Senate Proposes Death Penalty For Drug Offences

Senate Proposes Death Penalty For Drug Offences

For drug abusers, the Senate has raised the maximum punishment for them from life imprisonment to death sentence.

The proposal is through a planned legislation titled: “The National Drug Law Enforcement Agency Act (Amendment Bill) 2024” which passed the third reading at the Senate yesterday.

The bill sought to review the penalties, update the list of dangerous drugs, strengthen the operations of the NDLEA and empower the agency to establish laboratories.

Section 11 of the current Act which prescribes that any person who, without lawful authority; imports, manufactures, produces, processes, plants or grows the drugs popularly known as cocaine, LSD, heroin or any other similar drugs, shall be guilty of an offence and liable on conviction to life imprisonment was amended to reflect a stiffer death penalty.

The bill was passed after the Senate considered the Report of the Committee on Judiciary, Human Rights and Legal Matters presented by the chairman, Senator Tahir Mongonu (Borno North).

Though the report did not recommend a death penalty, the Senate chief whip, Ali Ndume, however, moved that the life sentence be replaced with the death penalty.

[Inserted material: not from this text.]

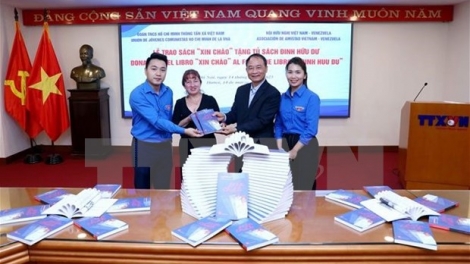 (VOVWORLD) - La Asociación de Amistad Vietnam – Venezuela (AAVV) donó ejemplares de la versión vietnamita del libro “Xin chao” (Hola), del ex segundo secretario de la Embajada de Venezuela en este país, Ángel Miguel Bastidas González, al fondo de libros Dinh Huu Du, del núcleo de la Unión de Jóvenes Comunistas Ho Chi Minh en la Agencia Vietnamita de Noticias (VNA).

During a clause-by-clause consideration of the bill, Barau Jibrin, the deputy Senate president, who presided over the session, put the amendment on the death penalty to a voice vote and declared that the “ayes” had it, but Senator Adams Oshiomhole (Edo North) objected that the “nays” rather had it.

He argued that matters of life and death should not be treated hurriedly, but Barau said it was too late, as he failed to raise his disagreement soon enough.

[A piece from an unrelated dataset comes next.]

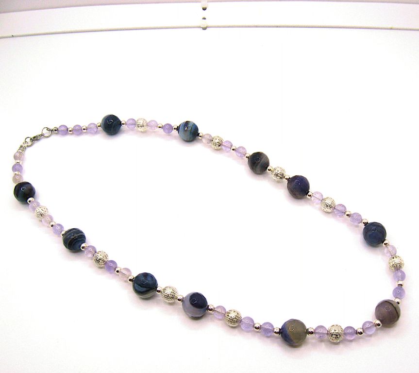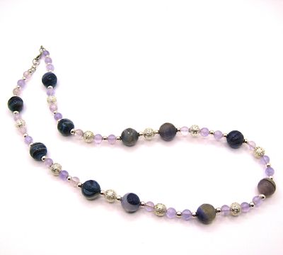 ❖ Бусы из полосатого агата и аметрина чудесного оттенка. Дополнен ажурными металлическими бусинами.

The bill was subsequently passed.

However, throwing more light on what transpired on the floor of the Senate, Monguno said section 11 in the committee report recommended life imprisonment, but the Senate amended it to death sentence.


On the protest by Oshiomhole, Monguno said in voice vote “we are bound by the ruling of the presiding officer” adding that Oshiomhole could have “timeously applied for division”.

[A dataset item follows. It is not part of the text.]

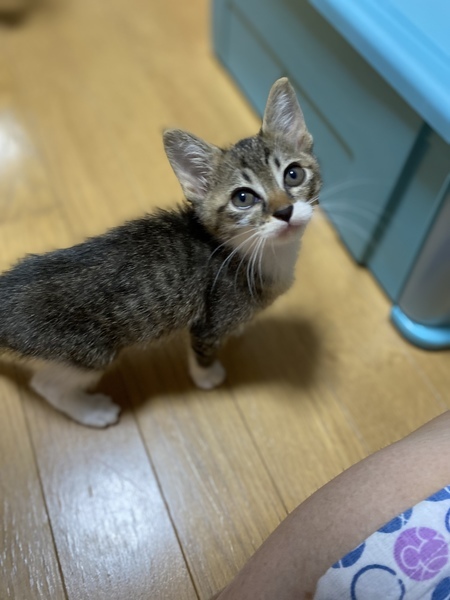 | 里親募集する理由 | 神社で鳴いてるところを保護しました。 近くにはカラスが飛んでいて母猫の姿もなく危険だった為保護してミルクから育てました。 |

However, Monguno said all hope was not lost as Oshiomhole, if he feels very strongly about his opposition to the death penalty, can still come by way of a motion in writing to the Senate to review its decision.


Monguno, a lawyer, who spent 20 years in the House of Representatives before crossing over to the Senate in this 10th Assembly, said what the Senate did was passage of a bill which will be transmitted to the president for his assent.